EXERCISE AIM = A verbatim copy of the listing is needed; pictures are to be left out.

DATASET SECTION =
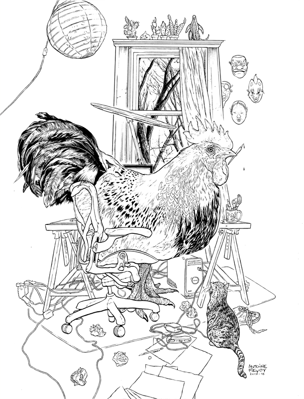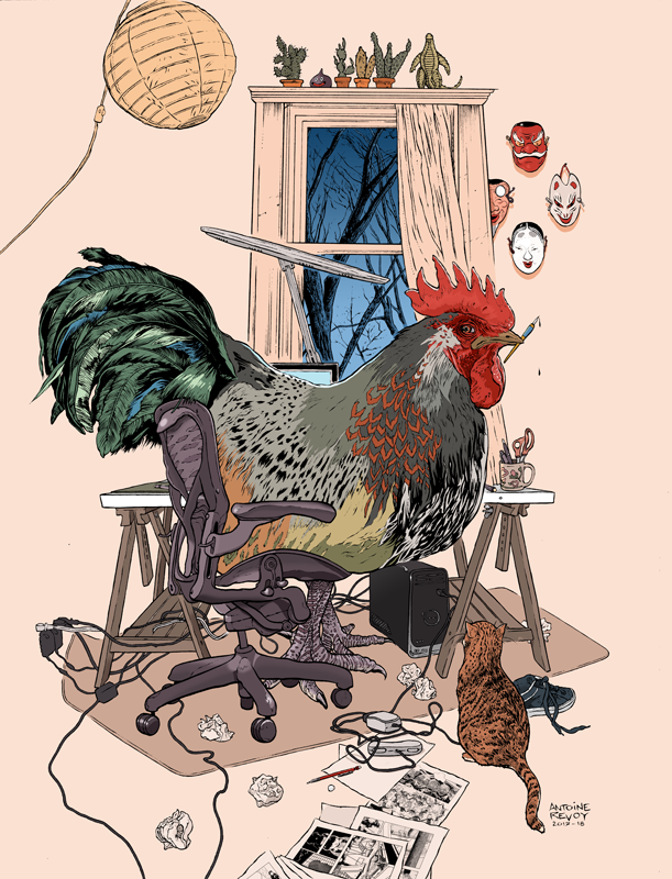 The illustration also represents the long hours I worked on my graphic novel ANIMUS during the year of the Rooster, and features Hobac the found cat.
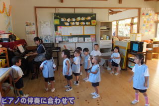 2015/ 9/29 昨日に続いて今日も大変蒸し暑い天気となりました。 子ども達は、時より吹く秋風を感じながら、元気いっぱいに運動場で過ごしていました。 今度の日曜日には、近隣の小学校でも運動会が行われ、来春入学する年長児の中には、案内状も頂いています。 日曜日に小学校の運動会へ行くことを、うれしそうに話してくれる子どももいます。晴天に恵まれることを祈っています。 幼稚園でも、今週から少しずつ運動会の練習も始まりました。暑いので、木陰や午前中の涼しい時間帯を選んで行っていますが、まだまだ残暑が厳しく、子ども達の体調には配慮しながら行っていきます。 各クラスのお遊戯やかけっこなど、子ども達からは、楽しそうに頑張る様子が見られました。 又 、連日 次年度入園希望予定の方達の来園も続いています。 大切な幼児期の集団の場です。しっかりと親の目で確かめ、入園先を見極めて頂きたいと思っています。 ![]() ![]() |
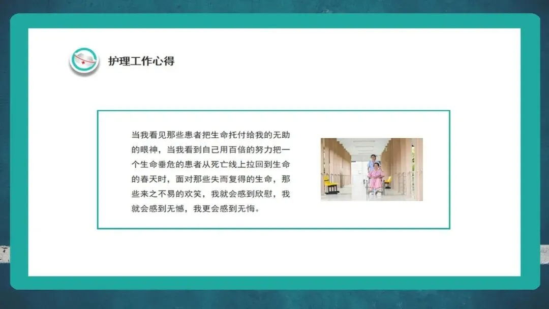 时光飞逝,转眼间,我在医院工作已近两年。在院领导、科主任和护士长的引领下,我始终秉持“以病人为中心”的信念,以严谨的态度投入护理工作。这段经历中,有泪水也有成长,有挑战更有收获。

RESULT FOR THIS TASK =
 The illustration also represents the long hours I worked on my graphic novel ANIMUS during the year of the Rooster, and features Hobac the found cat.
 2015/ 9/29 昨日に続いて今日も大変蒸し暑い天気となりました。 子ども達は、時より吹く秋風を感じながら、元気いっぱいに運動場で過ごしていました。 今度の日曜日には、近隣の小学校でも運動会が行われ、来春入学する年長児の中には、案内状も頂いています。 日曜日に小学校の運動会へ行くことを、うれしそうに話してくれる子どももいます。晴天に恵まれることを祈っています。 幼稚園でも、今週から少しずつ運動会の練習も始まりました。暑いので、木陰や午前中の涼しい時間帯を選んで行っていますが、まだまだ残暑が厳しく、子ども達の体調には配慮しながら行っていきます。 各クラスのお遊戯やかけっこなど、子ども達からは、楽しそうに頑張る様子が見られました。 又 、連日 次年度入園希望予定の方達の来園も続いています。 大切な幼児期の集団の場です。しっかりと親の目で確かめ、入園先を見極めて頂きたいと思っています。 ![]() ![]() |
 时光飞逝,转眼间,我在医院工作已近两年。在院领导、科主任和护士长的引领下,我始终秉持“以病人为中心”的信念,以严谨的态度投入护理工作。这段经历中,有泪水也有成长,有挑战更有收获。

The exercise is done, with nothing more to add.